Question: The amount of water in a tank, in gallons, is modeled by the function $W(t) = 100 + 20t - t^2$ , where $t$ is measured in minutes for $0 \le t \le 10$ . (a) Find $W'(t)$ . What does $W'(t)$ represent in the context of this problem? (b) Find $W'(5)$ . What does this value represent in the context of this problem? (c) At what time $t$ is the water level in the tank increasing most rapidly? Justify your answer. (d) At what time $t$ is the water level in the tank decreasing most rapidly?

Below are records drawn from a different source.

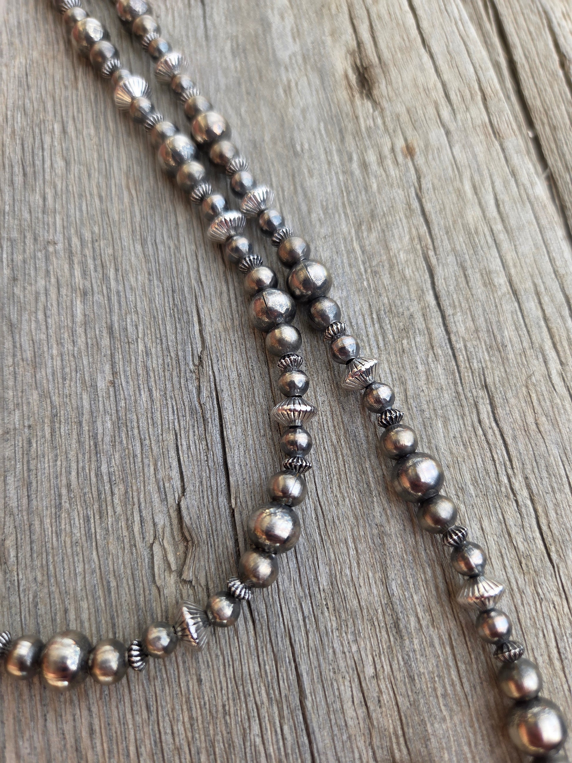 We hand make this jewelry line with beads of German silver, a specialty white bronze alloy containing a blend of metals that boasts excellent tarnish resistance and durability. Our Navajo artists antique & hand polish them to create perfect Navajo pearls. You can see the beauty and handwork- no two pearls are exactly alike!"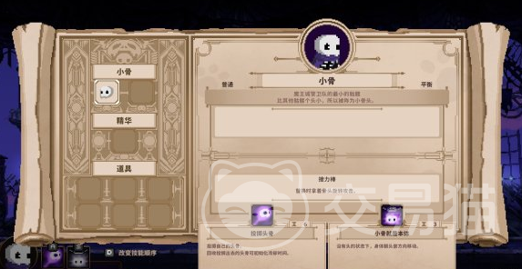 在获得头骨之后只需要按压↑键,玩家可以随意的切换技能或者是攻击方式。点击Tab键玩家还能看到在小骨的下方有对应的槽位,这里就是放头骨的位置,玩家可以选择用新头骨放入到其中,达到替换的效果。
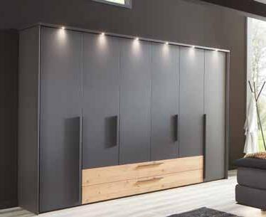 8 Drehtürenschrank Lando 6-türig mit 2 Schubkästen, Ausführung Lack Schiefergrau matt, Balkeneiche Furnier, ca. B302 x H223 x T 59 cm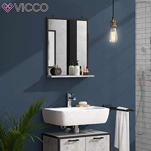 Vicco specchio bagno Fyrk, Calcestruzzo/Nero, 50 x 60 cm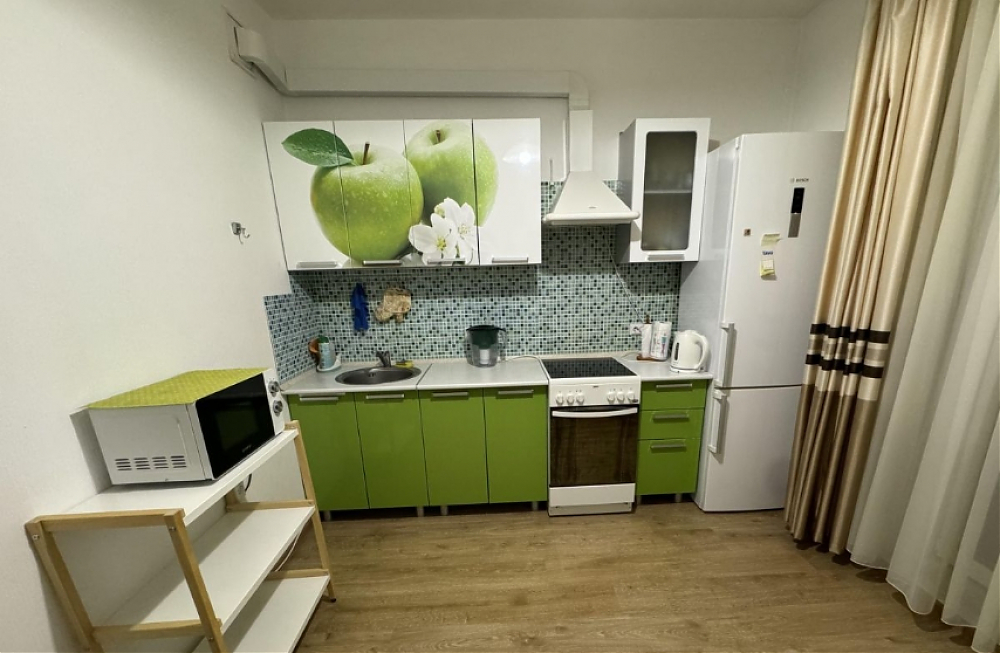 Квартира чистая, без необходимости делать косметический ремонт. Есть все необходимое для жизни: в гостиной шкаф, стол и большой раскладной диван; на кухне холодильник, плита с духовкой, электрический чайник и микроволновая печь; в ванной стиральная машина и шкаф для вещей(на фото всё видно). Большой широкий балкон. Окна выходят на Комендантский проспект, солнечная сторона. Остановка напротив дома, на общественном транспорте до метро ехать 15-20 минут.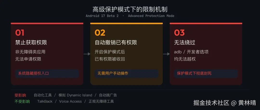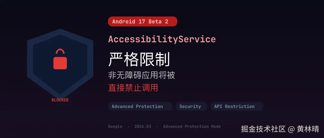 Android 17 Beta 2 开始,开启高级保护模式后,非无障碍类应用将被直接禁止调用 AccessibilityService API。

Justify your answer.

#Scoring Guidelines

(a) (2 points) 1 point for the correct derivative, 1 point for the correct interpretation
(b) (2 points) 1 point for the correct value, 1 point for the correct interpretation
(c) (2 points) 1 point for finding the critical point, 1 point for justification
(d) (3 points) 1 point for finding the critical point, 1 point for justification, 1 point for correct answer

#Solution

(a) $W'(t) = 20 - 2t$ . $W'(t)$ represents the rate of change of the amount of water in the tank in gallons per minute at time $t$ .
(b) $W'(5) = 20 - 2(5) = 10$ . This means that at $t=5$ minutes, the amount of water in the tank is increasing at a rate of 10 gallons per minute.
(c) To find when the water level is increasing most rapidly, we need to find when $W'(t)$ is maximized. Since $W'(t)$ is a linear function with a negative slope, it is maximized at the smallest value of $t$ , which is $t=0$ . Thus the water level is increasing most rapidly at $t=0$ .
(d) To find when the water level is decreasing most rapidly, we need to find when $W'(t)$ is minimized. Since $W'(t)$ is a linear function with a negative slope, it is minimized at the largest value of $t$ , which is $t=10$ . However, $W'(10) = 20-2(10)=0$ . The water level is decreasing when $W'(t)<0$ , which is when $20-2t<0$ or $t>10$ . However, since the domain is $0 \le t \le 10$ , we need to check the endpoints. At $t=10$ , the rate of change is zero. Therefore, the water level is decreasing most rapidly at $t=10$ .

#Final Exam Focus 🎯

High-Priority Topics: * Interpreting derivatives in context (especially non-motion). * Understanding units of derivatives. * Applying derivatives to solve real-world problems.
Common Question Types: * Multiple-choice questions asking for the interpretation of a derivative. * Free-response questions involving finding and interpreting derivatives in applied contexts.
Last-Minute Tips: * Time Management: Don't spend too much time on one question. If you're stuck, move on and come back later. * Common Pitfalls: Forgetting units, not showing work, and misinterpreting the question are common mistakes. Double-check your work! * Strategies: Read the question carefully, identify what the function represents, and then think about what the derivative means in that context.